▶ Task item
Every line of the listing below from the one with "U prvih šest" up to and including the one with "The burger steak" should be retyped exactly, and nothing else; pictures are not part of the copy.

▶ Listed entries
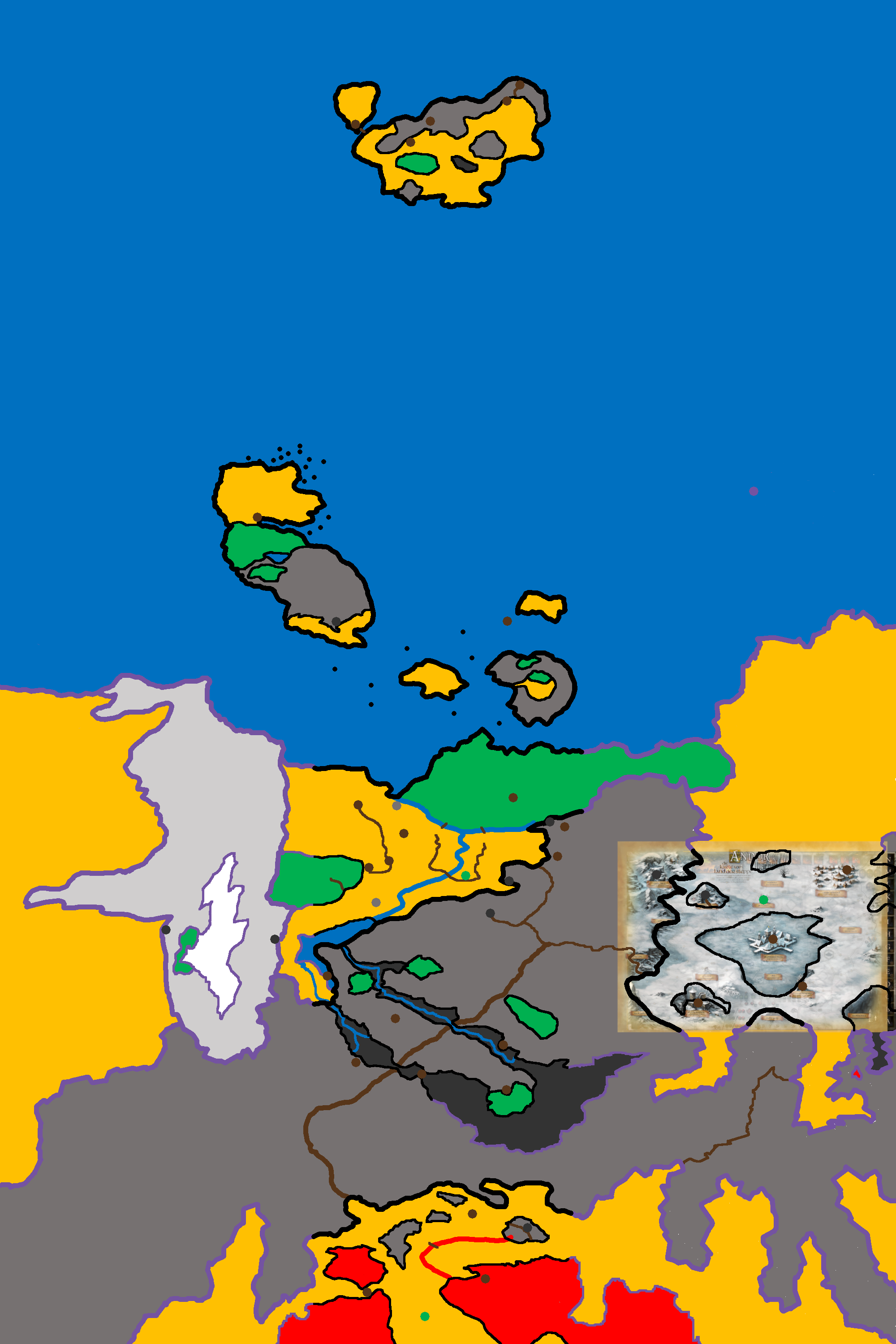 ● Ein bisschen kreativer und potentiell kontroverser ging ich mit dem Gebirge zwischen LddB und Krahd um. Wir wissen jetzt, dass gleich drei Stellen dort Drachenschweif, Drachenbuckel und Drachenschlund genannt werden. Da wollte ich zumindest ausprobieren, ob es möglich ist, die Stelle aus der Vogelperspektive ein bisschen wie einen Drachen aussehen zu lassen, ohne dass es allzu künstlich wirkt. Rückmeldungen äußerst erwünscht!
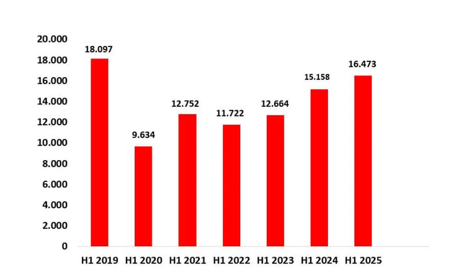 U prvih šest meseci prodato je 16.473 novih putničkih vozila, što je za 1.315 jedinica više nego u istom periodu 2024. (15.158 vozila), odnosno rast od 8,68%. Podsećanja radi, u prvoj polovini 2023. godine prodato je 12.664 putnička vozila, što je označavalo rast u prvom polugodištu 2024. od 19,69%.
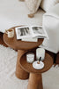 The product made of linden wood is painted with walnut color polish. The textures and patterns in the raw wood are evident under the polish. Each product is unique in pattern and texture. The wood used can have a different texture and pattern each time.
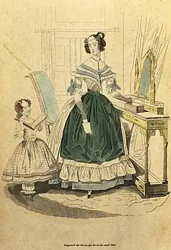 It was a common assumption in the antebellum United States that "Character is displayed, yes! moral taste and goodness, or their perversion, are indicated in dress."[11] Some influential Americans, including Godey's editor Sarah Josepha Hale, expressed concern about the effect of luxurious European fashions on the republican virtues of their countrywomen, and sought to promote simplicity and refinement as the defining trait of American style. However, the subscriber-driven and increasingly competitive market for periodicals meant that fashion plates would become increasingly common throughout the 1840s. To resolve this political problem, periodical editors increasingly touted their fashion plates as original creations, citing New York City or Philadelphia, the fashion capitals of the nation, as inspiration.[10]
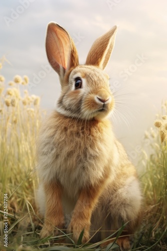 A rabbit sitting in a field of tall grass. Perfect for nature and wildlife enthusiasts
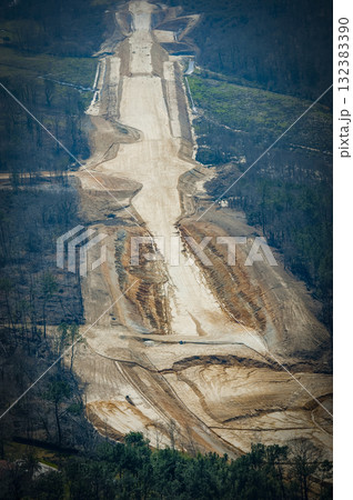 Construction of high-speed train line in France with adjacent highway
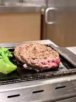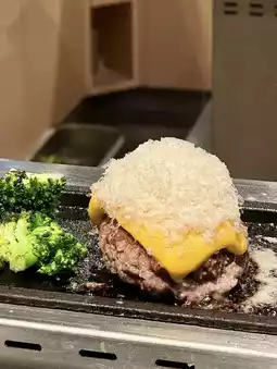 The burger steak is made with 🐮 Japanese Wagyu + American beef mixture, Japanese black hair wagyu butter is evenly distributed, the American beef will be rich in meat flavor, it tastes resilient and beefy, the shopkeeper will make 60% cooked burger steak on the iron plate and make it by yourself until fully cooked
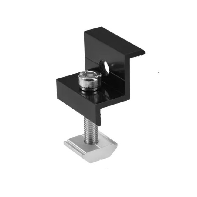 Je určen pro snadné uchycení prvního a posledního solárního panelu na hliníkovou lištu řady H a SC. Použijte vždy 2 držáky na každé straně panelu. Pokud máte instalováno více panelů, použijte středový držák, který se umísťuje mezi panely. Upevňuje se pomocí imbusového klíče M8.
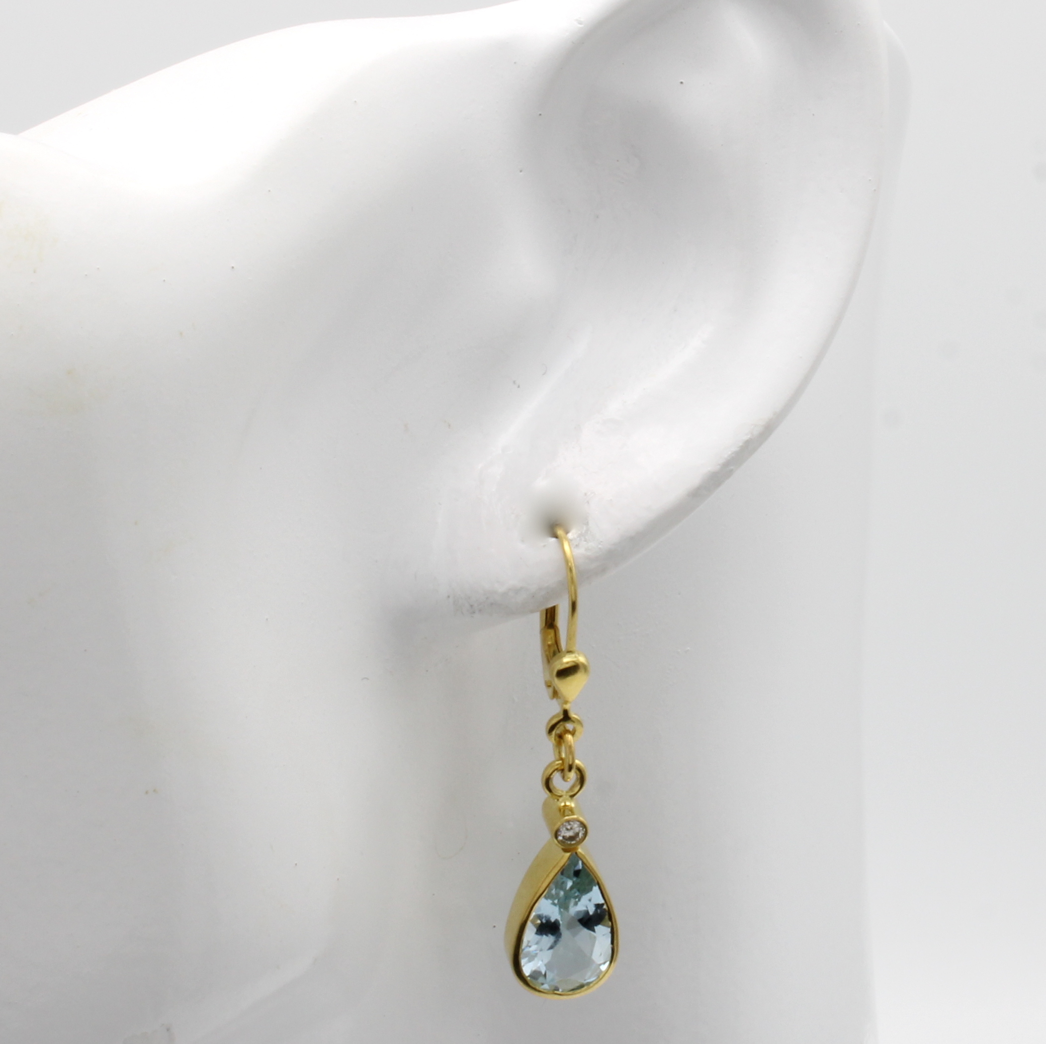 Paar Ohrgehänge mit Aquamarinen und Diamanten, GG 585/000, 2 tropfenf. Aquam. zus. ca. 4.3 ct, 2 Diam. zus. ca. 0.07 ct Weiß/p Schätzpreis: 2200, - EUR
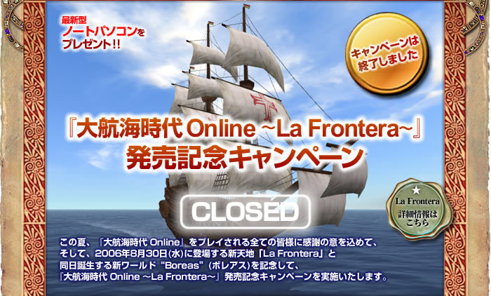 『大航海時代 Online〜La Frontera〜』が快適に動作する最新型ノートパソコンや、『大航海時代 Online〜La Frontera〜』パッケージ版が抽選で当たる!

==

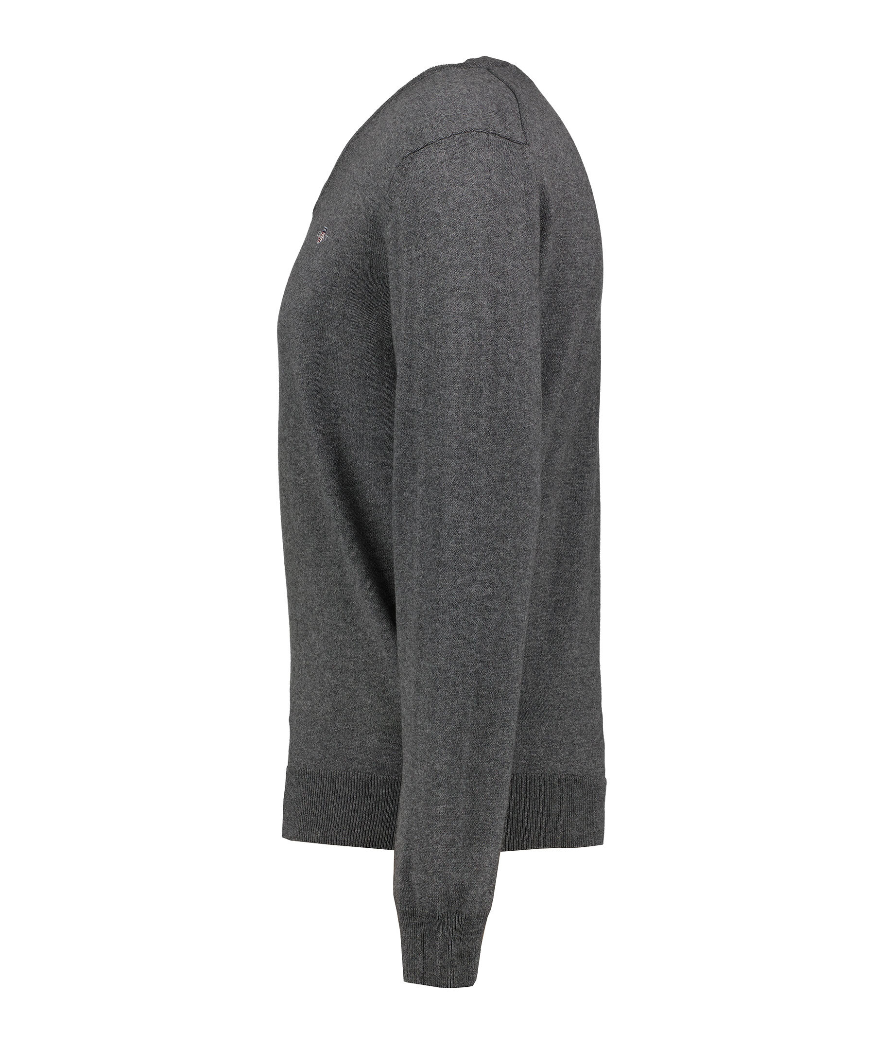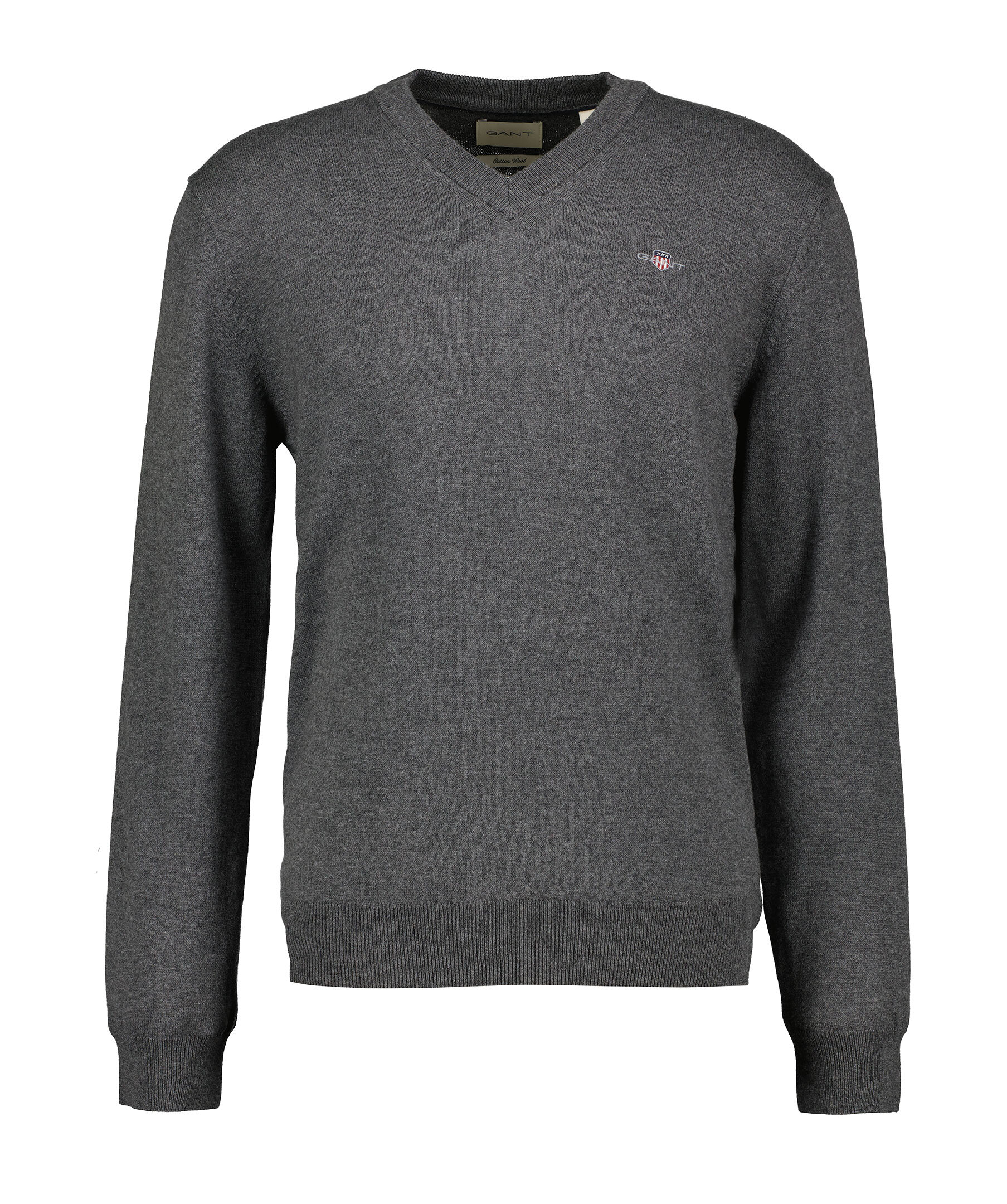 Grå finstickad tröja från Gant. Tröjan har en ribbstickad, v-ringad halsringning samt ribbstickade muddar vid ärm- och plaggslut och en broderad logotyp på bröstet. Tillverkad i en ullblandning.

▶ Response to the task
 U prvih šest meseci prodato je 16.473 novih putničkih vozila, što je za 1.315 jedinica više nego u istom periodu 2024. (15.158 vozila), odnosno rast od 8,68%. Podsećanja radi, u prvoj polovini 2023. godine prodato je 12.664 putnička vozila, što je označavalo rast u prvom polugodištu 2024. od 19,69%.
 The product made of linden wood is painted with walnut color polish. The textures and patterns in the raw wood are evident under the polish. Each product is unique in pattern and texture. The wood used can have a different texture and pattern each time.
 It was a common assumption in the antebellum United States that "Character is displayed, yes! moral taste and goodness, or their perversion, are indicated in dress."[11] Some influential Americans, including Godey's editor Sarah Josepha Hale, expressed concern about the effect of luxurious European fashions on the republican virtues of their countrywomen, and sought to promote simplicity and refinement as the defining trait of American style. However, the subscriber-driven and increasingly competitive market for periodicals meant that fashion plates would become increasingly common throughout the 1840s. To resolve this political problem, periodical editors increasingly touted their fashion plates as original creations, citing New York City or Philadelphia, the fashion capitals of the nation, as inspiration.[10]
 A rabbit sitting in a field of tall grass. Perfect for nature and wildlife enthusiasts
 Construction of high-speed train line in France with adjacent highway
 The burger steak is made with 🐮 Japanese Wagyu + American beef mixture, Japanese black hair wagyu butter is evenly distributed, the American beef will be rich in meat flavor, it tastes resilient and beefy, the shopkeeper will make 60% cooked burger steak on the iron plate and make it by yourself until fully cooked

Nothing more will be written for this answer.